(EXTRACTED DATA Opens)
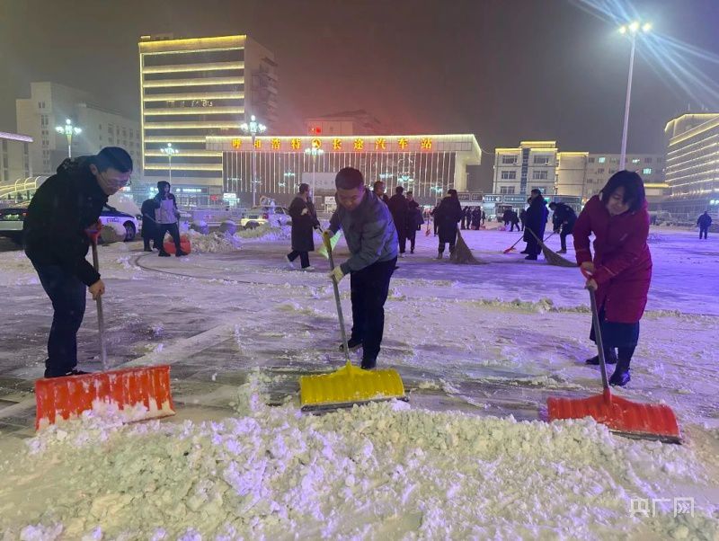 降雪天气下,工作人员正在清扫车站广场前的积雪(央广网发 呼和浩特车站供图)
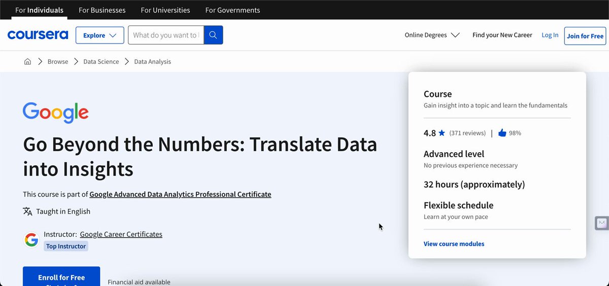 10. Go Beyond the Numbers: Translate Data into Insights In this course, you’ll learn how to find the story within data and tell that story in a compelling way. 🔗 lnkd.in/gtkbrfBB
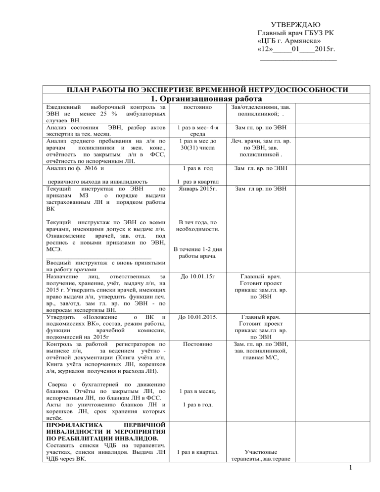 УТВЕРЖДАЮ Главный врач ГБУЗ РК «ЦГБ г. Армянска» «12»_____01____2015г. ____________________ ПЛАН РАБОТЫ ПО ЭКСПЕРТИЗЕ ВРЕМЕННОЙ НЕТРУДОСПОСОБНОСТИ 1. Организационная работа Ежедневный выборочный контроль за ЭВН не менее 25 % амбулаторных случаев ВН. Анализ состояния ЭВН, разбор актов экспертиз за тек. месяц. Анализ среднего пребывания на л/н по врачам поликлиники и жен. конс., отчётность по закрытым л/н в ФСС, отчётность по испорченным ЛН. Анализ по ф. №16 и постоянно Зав/отделениями, зав. поликлиникой; . 1 раз в мес- 4-я среда 1 раз в мес до 30(31) числа Зам гл. вр. по ЭВН Леч. врачи, зам гл. вр. по ЭВН, зав. поликлиникой . 1 раз в год Зам гл. вр. по ЭВН первичного выхода на инвалидность Текущий инструктаж по ЭВН по приказам МЗ о порядке выдачи застрахованным ЛН и порядком работы ВК 1 раз в квартал Январь 2015г. Зам гл вр. по ЭВН Текущий инструктаж по ЭВН со всеми врачами, имеющими допуск к выдаче л/н. Ознакомление врачей, зав. отд. под роспись с новыми приказами по ЭВН, МСЭ. _________________________________ Вводный инструктаж с вновь принятыми на работу врачами Назначение лиц, ответственных за получение, хранение, учёт, выдачу л/н, на 2015 г. Утвердить списки врачей, имеющих право выдачи л/н, утвердить функции леч. вр., зав/отд. зам гл. вр. по ЭВН - по вопросам экспертизы ВН. Утвердить «Положение о ВК и подкомиссиях ВК», состав, режим работы, функции врачебной комиссии, подкомиссий на 2015г Контроль за работой регистраторов по выписке л/н, за ведением учётно отчётной документации (Книга учёта л/н, Книга учёта испорченных ЛН, корешков л/н, журналов получения и расхода ЛН). В теч года, по необходимости. Сверка с бухгалтерией по движению бланков. Отчёты по закрытым ЛН, по испорченным ЛН, по бланкам ЛН в ФСС. Акты по уничтожению бланков ЛН и корешков ЛН, срок хранения которых истёк. ПРОФИЛАКТИКА ПЕРВИЧНОЙ ИНВАЛИДНОСТИ И МЕРОПРИЯТИЯ ПО РЕАБИЛИТАЦИИ ИНВАЛИДОВ. Составить списки ЧДБ на терапевтич. участках, списки инвалидов. Выдача ЛН ЧДБ через ВК. В течение 1-2 дня работы врача. До 10.01.15г Главный врач. Готовит проект приказа: зам.гл. вр. по ЭВН До 10.01.2015. Главный врач. Готовит проект приказа: зам.гл вр. по ЭВН Зам. гл. вр. по ЭВН, зав. поликлиникой, главная М/С, Постоянно 1 раз в месяц. 1 раз в год. 1 раз в квартал. Участковые терапевты.,зав.терапе 1 Анализ первичного инвалидность. выхода на Контроль за выполнением индивидуальной программы реабилитации инвалидов в соответствии с индивидуальными планами. 1 раз в месяц. По итогам всеобщей диспансеризации составить группы Д учёта. Довести % охвата ВД до 100%. Проводить меры медицинского характера по оздоровлению больных по индивидуальному плану : курсы профилактического лечения, направление на плановые операции в т. ч. на ВТМП, рекомендации по диетпитанию, беседы об отказе от вредных привычек, направление б-х к наркологу; санкурлечение, выдача справок на облегчённые условия труда, выдача справок по отстранению от работы с противопоказанными вредными условиями труда в соответствии с приказом МЗ № 302-н. ежемесячно втическим отделением поликлиники,Зав.поли клиникой Участковые терапевты,зав.терапев тическим отделением поликлиники,Зав.поли клиникой Участковые терапевты, зав.терапевтическим отделением поликлиники,Зав.поли клиникой РАБОТА ПО ПОВЫШЕНИЮ КВАЛИФИКАЦИИ ВРАЧЕЙ ПО ЭВН Врачебные конференции. Обучающий семинар по основам ЭВН, Январь Зам гл. вр. по ЭВН изучение приказов М
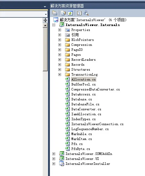 在解决方案里面,SSMS插件项目和UI项目可以直接忽略,如果你只想研究核心代码的话
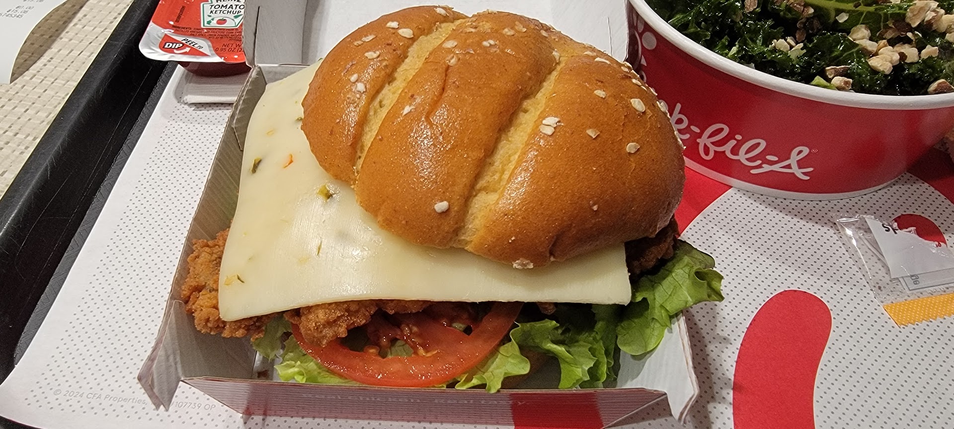 I ordered a multigrain brioche bun on a chicken sandwich. It was well seasoned and satisfying. The kale side salad was fabulous. It came with chopped almonds and already had a light vinegarette dressing. Once again, delicious!
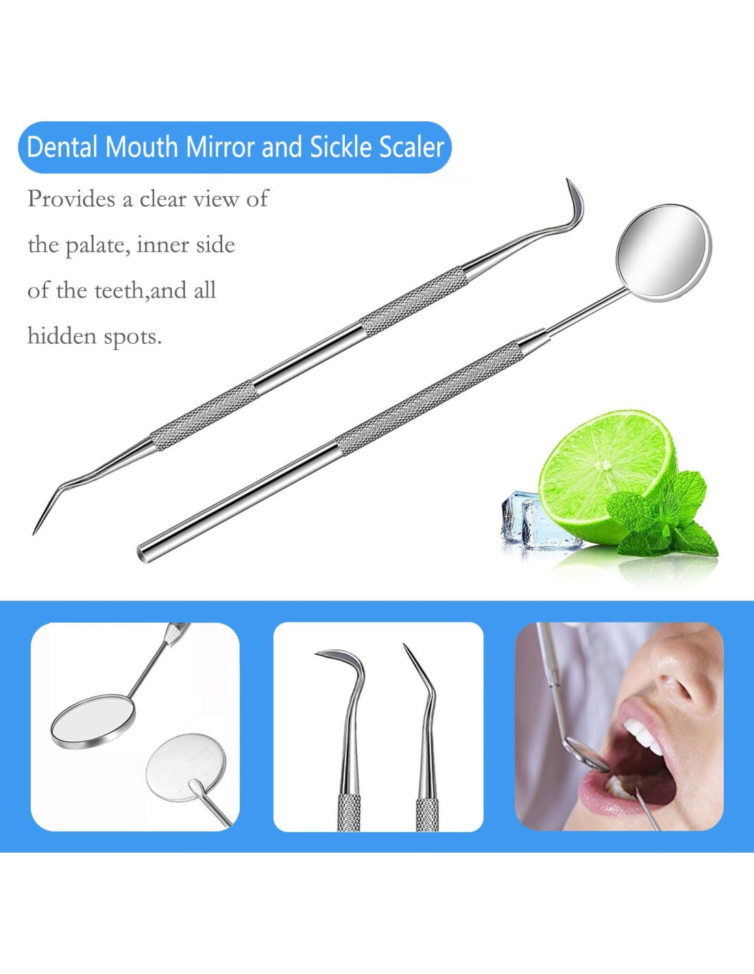 - FÁCIL DE USAR - Las herramientas de cuidado oral están diseñadas en diferentes ángulos y formas, con un espejo bucal adicional de primera calidad, bueno para limpiar manchas orales difíciles, restos de comida, eliminar sarro entre los dientes y las encías.
(EXTRACTED DATA Closes)
EXERCISE BRIEF: Copy out the listing above in full and keep the pictures out.

TASK RESPONSE:
 降雪天气下,工作人员正在清扫车站广场前的积雪(央广网发 呼和浩特车站供图)
 10. Go Beyond the Numbers: Translate Data into Insights In this course, you’ll learn how to find the story within data and tell that story in a compelling way. 🔗 lnkd.in/gtkbrfBB
 УТВЕРЖДАЮ Главный врач ГБУЗ РК «ЦГБ г. Армянска» «12»_____01____2015г. ____________________ ПЛАН РАБОТЫ ПО ЭКСПЕРТИЗЕ ВРЕМЕННОЙ НЕТРУДОСПОСОБНОСТИ 1. Организационная работа Ежедневный выборочный контроль за ЭВН не менее 25 % амбулаторных случаев ВН. Анализ состояния ЭВН, разбор актов экспертиз за тек. месяц. Анализ среднего пребывания на л/н по врачам поликлиники и жен. конс., отчётность по закрытым л/н в ФСС, отчётность по испорченным ЛН. Анализ по ф. №16 и постоянно Зав/отделениями, зав. поликлиникой; . 1 раз в мес- 4-я среда 1 раз в мес до 30(31) числа Зам гл. вр. по ЭВН Леч. врачи, зам гл. вр. по ЭВН, зав. поликлиникой . 1 раз в год Зам гл. вр. по ЭВН первичного выхода на инвалидность Текущий инструктаж по ЭВН по приказам МЗ о порядке выдачи застрахованным ЛН и порядком работы ВК 1 раз в квартал Январь 2015г. Зам гл вр. по ЭВН Текущий инструктаж по ЭВН со всеми врачами, имеющими допуск к выдаче л/н. Ознакомление врачей, зав. отд. под роспись с новыми приказами по ЭВН, МСЭ. _________________________________ Вводный инструктаж с вновь принятыми на работу врачами Назначение лиц, ответственных за получение, хранение, учёт, выдачу л/н, на 2015 г. Утвердить списки врачей, имеющих право выдачи л/н, утвердить функции леч. вр., зав/отд. зам гл. вр. по ЭВН - по вопросам экспертизы ВН. Утвердить «Положение о ВК и подкомиссиях ВК», состав, режим работы, функции врачебной комиссии, подкомиссий на 2015г Контроль за работой регистраторов по выписке л/н, за ведением учётно отчётной документации (Книга учёта л/н, Книга учёта испорченных ЛН, корешков л/н, журналов получения и расхода ЛН). В теч года, по необходимости. Сверка с бухгалтерией по движению бланков. Отчёты по закрытым ЛН, по испорченным ЛН, по бланкам ЛН в ФСС. Акты по уничтожению бланков ЛН и корешков ЛН, срок хранения которых истёк. ПРОФИЛАКТИКА ПЕРВИЧНОЙ ИНВАЛИДНОСТИ И МЕРОПРИЯТИЯ ПО РЕАБИЛИТАЦИИ ИНВАЛИДОВ. Составить списки ЧДБ на терапевтич. участках, списки инвалидов. Выдача ЛН ЧДБ через ВК. В течение 1-2 дня работы врача. До 10.01.15г Главный врач. Готовит проект приказа: зам.гл. вр. по ЭВН До 10.01.2015. Главный врач. Готовит проект приказа: зам.гл вр. по ЭВН Зам. гл. вр. по ЭВН, зав. поликлиникой, главная М/С, Постоянно 1 раз в месяц. 1 раз в год. 1 раз в квартал. Участковые терапевты.,зав.терапе 1 Анализ первичного инвалидность. выхода на Контроль за выполнением индивидуальной программы реабилитации инвалидов в соответствии с индивидуальными планами. 1 раз в месяц. По итогам всеобщей диспансеризации составить группы Д учёта. Довести % охвата ВД до 100%. Проводить меры медицинского характера по оздоровлению больных по индивидуальному плану : курсы профилактического лечения, направление на плановые операции в т. ч. на ВТМП, рекомендации по диетпитанию, беседы об отказе от вредных привычек, направление б-х к наркологу; санкурлечение, выдача справок на облегчённые условия труда, выдача справок по отстранению от работы с противопоказанными вредными условиями труда в соответствии с приказом МЗ № 302-н. ежемесячно втическим отделением поликлиники,Зав.поли клиникой Участковые терапевты,зав.терапев тическим отделением поликлиники,Зав.поли клиникой Участковые терапевты, зав.терапевтическим отделением поликлиники,Зав.поли клиникой РАБОТА ПО ПОВЫШЕНИЮ КВАЛИФИКАЦИИ ВРАЧЕЙ ПО ЭВН Врачебные конференции. Обучающий семинар по основам ЭВН, Январь Зам гл. вр. по ЭВН изучение приказов М
 在解决方案里面,SSMS插件项目和UI项目可以直接忽略,如果你只想研究核心代码的话
 I ordered a multigrain brioche bun on a chicken sandwich. It was well seasoned and satisfying. The kale side salad was fabulous. It came with chopped almonds and already had a light vinegarette dressing. Once again, delicious!
 - FÁCIL DE USAR - Las herramientas de cuidado oral están diseñadas en diferentes ángulos y formas, con un espejo bucal adicional de primera calidad, bueno para limpiar manchas orales difíciles, restos de comida, eliminar sarro entre los dientes y las encías.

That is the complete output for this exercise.